A well-informed official revealed that the Centre and two provinces – Sindh and Punjab – did not agree with the federal government’s subsidy-sharing formula and added that the Centre has given more time to the provinces to reconsider their decision. This is yet another example of the extremely unfortunate trend where the Federal Ministry of Finance takes decisions that involve provinces without first taking them on board.
The other recent example of such high-handedness on the part of the Centre was witnessed when the Centre designated the provincial governments as withholding agents; in the words of the Finance Minister during his budget speech “a large number of persons are filing sales tax returns with the provincial revenue authorities but are not filing income tax returns, it is proposed that such non-filers may be required to pay advance income tax monthly, to be collected by provincial revenue authorities along with sales tax returns, at the rate of 3 percent of turnover.” Subsequently the onus of paying tax was put on the taxpayer and not on the province with the addition of the following provision:
“Every provincial sales tax registered person; who is a non-filer (for income tax purposes); to pay 3% of the turnover declared before provincial revenue authority as monthly advance tax; at the time when the provincial sales tax return is due.” This additional provision defies logic as why a non-filer who has not filed his/her income tax returns but has filed sales tax returns would because of this provision volunteer to file his income tax returns.
There are other instances where the federal government has opted not to get provincial input prior to announcing a policy measure that, subsequent to provincial opposition, required a withdrawal and/or amendment.
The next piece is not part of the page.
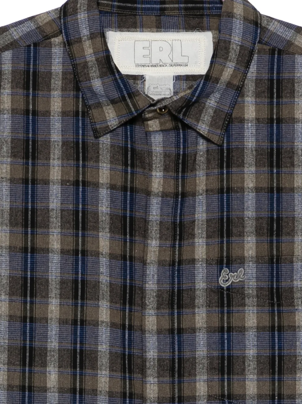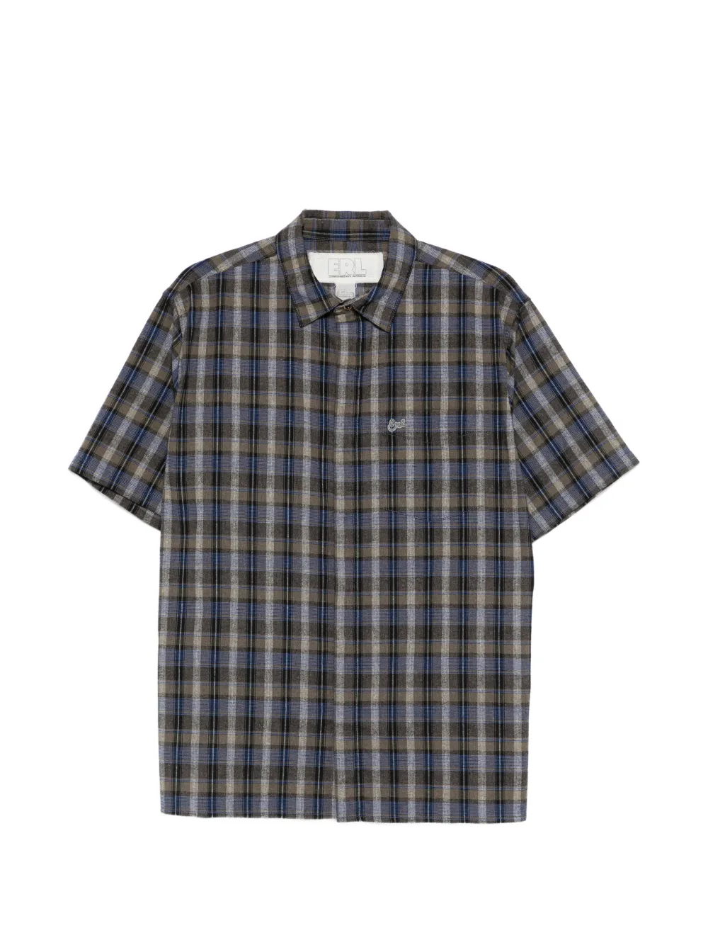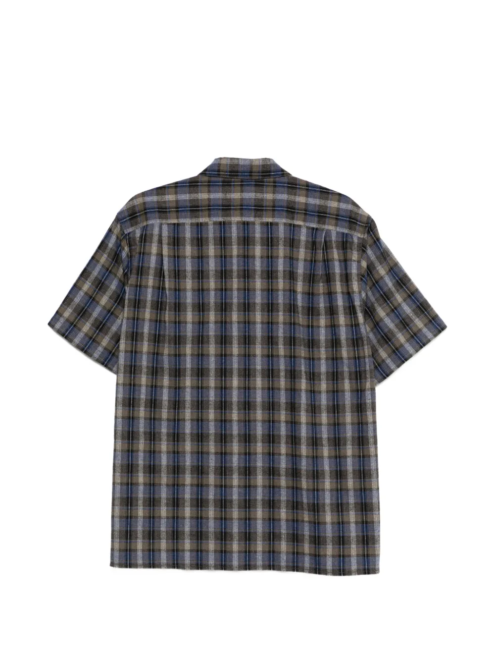Коричневая рубашка в клетку с короткими рукавами, нашивкой с логотипом и застежкой на пуговицы

The Council of Common Interests (CCI) is a forum provided by the constitution, requiring at least a meeting once in three months that could have been used by the Centre to get the provinces on board; however sadly this forum has rarely been used since the Sharif administration took over the reins of government more than three years ago. And with Punjab also not on board in several instances, where the PML-N has formed a government, the trend to bypass provinces in decisions which would have implications on their budgets is all the more inexplicable.
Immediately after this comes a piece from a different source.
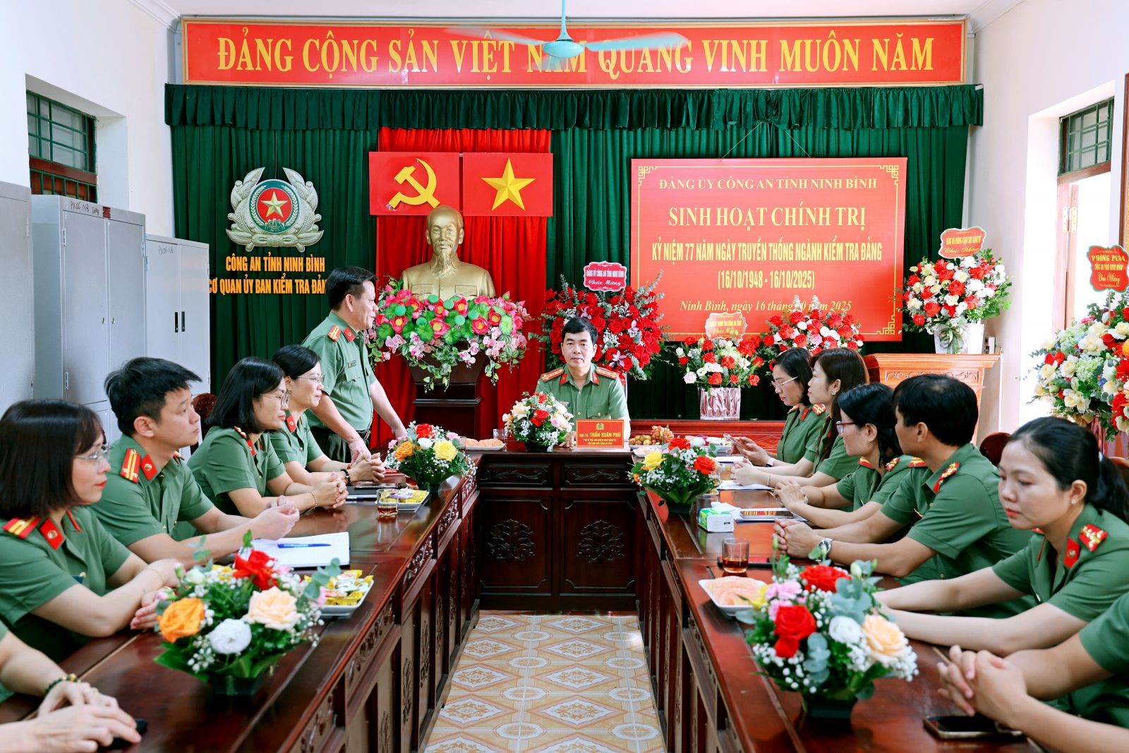 Sáng 16/10/2025, Đảng ủy Công an tỉnh Ninh Bình tổ chức buổi sinh hoạt chính trị nhân kỷ niệm 77 năm Ngày truyền thống Ngành Kiểm tra Đảng (16/10/1948-16/10/2025).

Reports indicate that the federal government’s decision to extend support to the farm sector in budget 2016-17, which included the subsidy for fertiliser, was due to the insistence by the Punjab Chief Minister, Shahbaz Sharif, that the farm sector was suffering considerably from the Centre’s economic policy measures and that unless and until some relief was provided the PML-N would lose support of this large sector in Punjab.
Other federal budgetary measures in support of the farm sector focus on credit and its availability, which is a challenge to procure for the poor and subsistence farmers and include: (i) an enhancement in target of agriculture sector; (ii) a reduction in cost of credit by 2 percent may be insufficient inducement for poor and subsistence farmers to procure loans; (iii) a credit guarantee scheme through which the federal government would share the risk of non-payment of credit by small farmers by guaranteeing up to 50 percent of financing by participating financial institutions; and (iv) a concessional electricity tariff for tubewells that again are owned by middle income and rich farmers.